Computational Innovation: Streamlining NMR Prediction via Clustering and Dimensionality Reduction

Project Goal: Designing Tractable Conformational Ensembles for IDPs

The principal objective of this research is to tackle the computational challenge inherent in characterizing Intrinsically Disordered Proteins (IDPs) via NMR Chemical Shift (CS) predictions. Accurately modeling these flexible systems at the quantum level requires large conformational ensembles, a process that rapidly becomes intractable.

We developed and validated a novel computational protocol that integrates Dimensionality Reduction (DR) and Clustering Algorithms (CA) to produce small, highly representative Clustered Ensembles (CEs). This technique effectively bridges the gap between computationally demanding quantum calculations and the vast conformational space of IDPs.
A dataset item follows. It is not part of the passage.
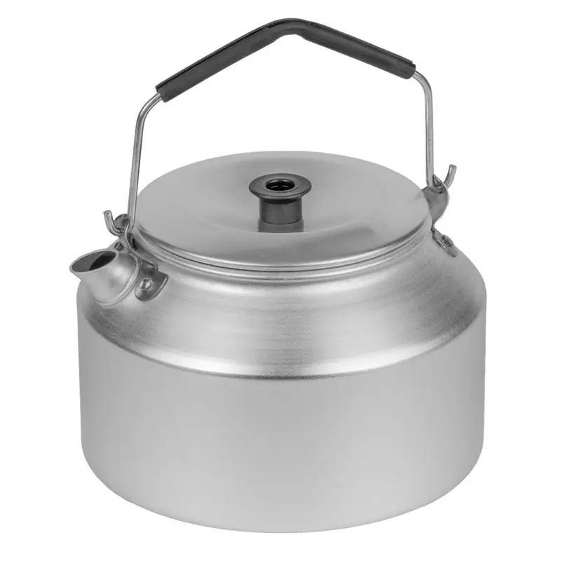 Ấm đun Trangia Kettle 245 1.4L bằng nhôm có nắp đậy. Tay cầm bằng thép và bọc nhựa có thể tháo rời. Thiết thực khi bạn muốn sử dụng đun nấu trên ngọn lửa.

Key Methodological Innovations

  1. Multiscale Dimensionality Reduction and Clustering:
    • The Problem: Traditional clustering methods, like GROMOS (which uses RMSD), perform poorly on IDPs because they fail to account for the local interactions and high-dimensional nature of disordered systems.
    • The Solution: We implemented a multiscale approach that uses DR (specifically tICA and tSNE) before clustering to project the data into a lower-dimensional latent space, mitigating multicollinearity and computational complexity.
    • Validated Performance: Our CEs consistently demonstrated superior performance over traditional Sequential Ensembles (SEs) of similar size, outperforming them in approximately 85.7% of all ensemble sizes evaluated.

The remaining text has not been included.